Let's say you visit a memory address 0xDEADBEEF which you've gathered from your list of scans. If you see that the instruction at 0xDEADBEEF is test eax, eax, you can be confident that the conditional here (or one very closeby) does something interesting that Warden doesn't want you to mess with. In this particular example, Warden wants to verify that the code at this address contains test eax, eax. Maybe Warden knows of an existing cheat which will replace it with something else and cause the function to behave differently?

Let's go back to looking at the Lua protection code from earlier because that may be something you're now familiar with. We know that Warden is scanning at this particular address because some other cheat was found to be modifying the bytes there to unlock Lua. If we look at the code at around 0x494a57, we can determine that this instruction falls at the beginning of a function. It is placed right after a test eax, eax and the result of this comparison will determine whether or not execution will be blocked. All we have to do to bypass Warden's scan is to manipulate the result without touching the code that's scanned. In this particular case, replacing the test eax, eax with an xor eax, eax will stop the Lua protection from happening when we invoke things. I don't really know why Warden isn't scanning this memory address because it seems like the easiest one to modify but the important thing is that it doesn't show up in a scanner.

Note: You can double check if an instruction is scanned the same way as we did to find the Warden scanner - I advise that you do this first before you wind up banned for modifying something you didn't know was scanned.

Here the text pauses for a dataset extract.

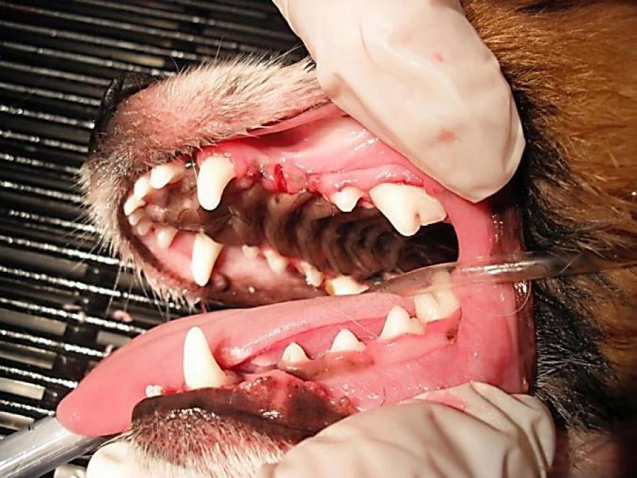 This dog had significant tartar covering most of his teeth. Due to the severity of periodontal disease that invaded the root tissue, multiple tooth extractions were required.
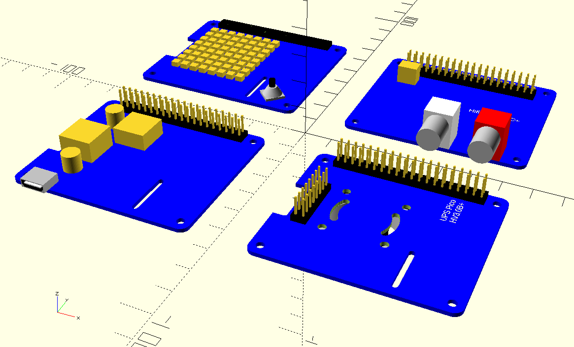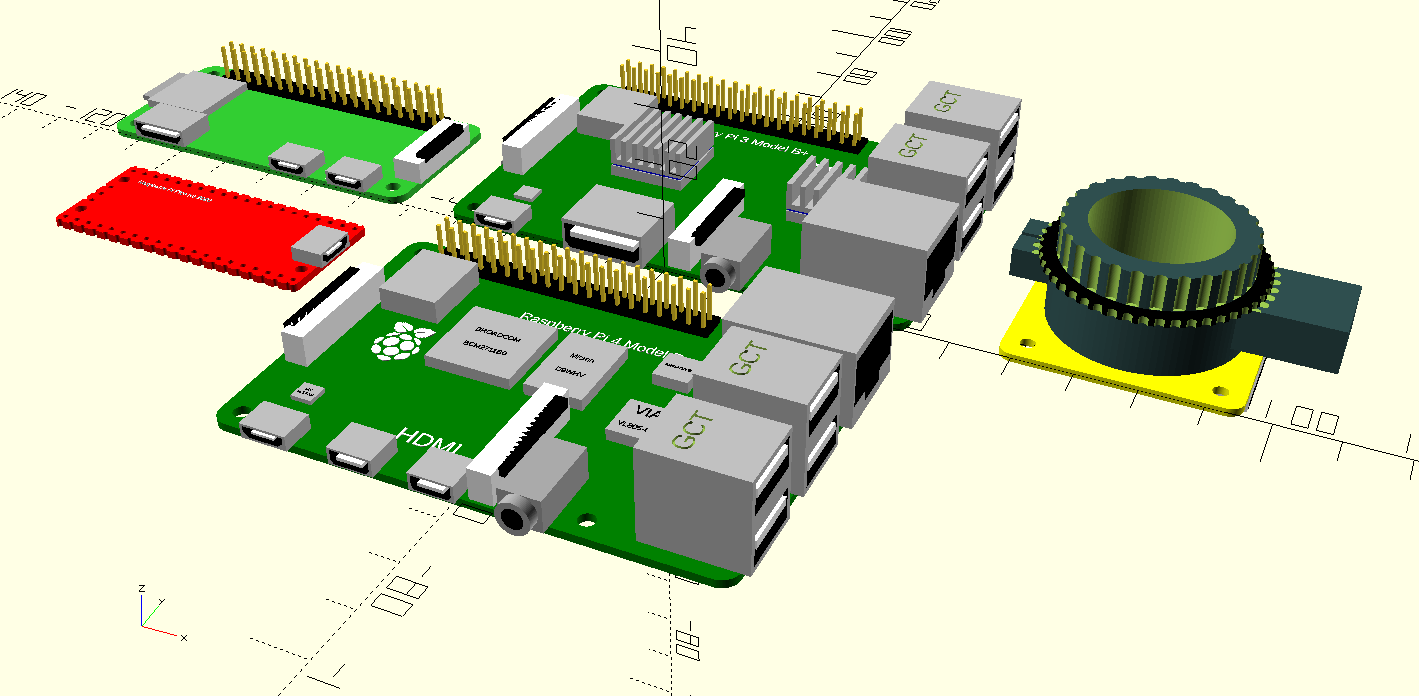 Aus diesem Grund habe ich von allen verwendeten Baugruppen und Bauteilen mehr oder weniger detailierte Modelle erstellt. Diese können dann bei der Konstruktion verwendet werden, um den Platzbedarf zu bestimmen. Das Bild auf der rechten Seite zeigt z.B. die bisher entstanden Raspberry Pi Modelle.

To demonstrate this better, I made a short YouTube video where the above should become clear:

The technique used in the video will apply to all of the addresses you just dumped too, but I won't detail the necessary asm modifications because otherwise there will be servers full of cheaters… It's really simple to do though.

Caveats

The main downside to this technique is that you most likely have no idea what you are modifying when you do so unless you do a little bit of reversing around the function in question. This results in some trial and error with the things you mess with - Did your modification change something obvious, or do you have to wait until your character is supposed to be damaged before it will become clear? Of course you can clarify this a little by doing something like hooking the containing function of this instruction. If the function is called at fixed rate like 60 times per second and seems to be independent of framerate, this could very well be a physics calculation for example.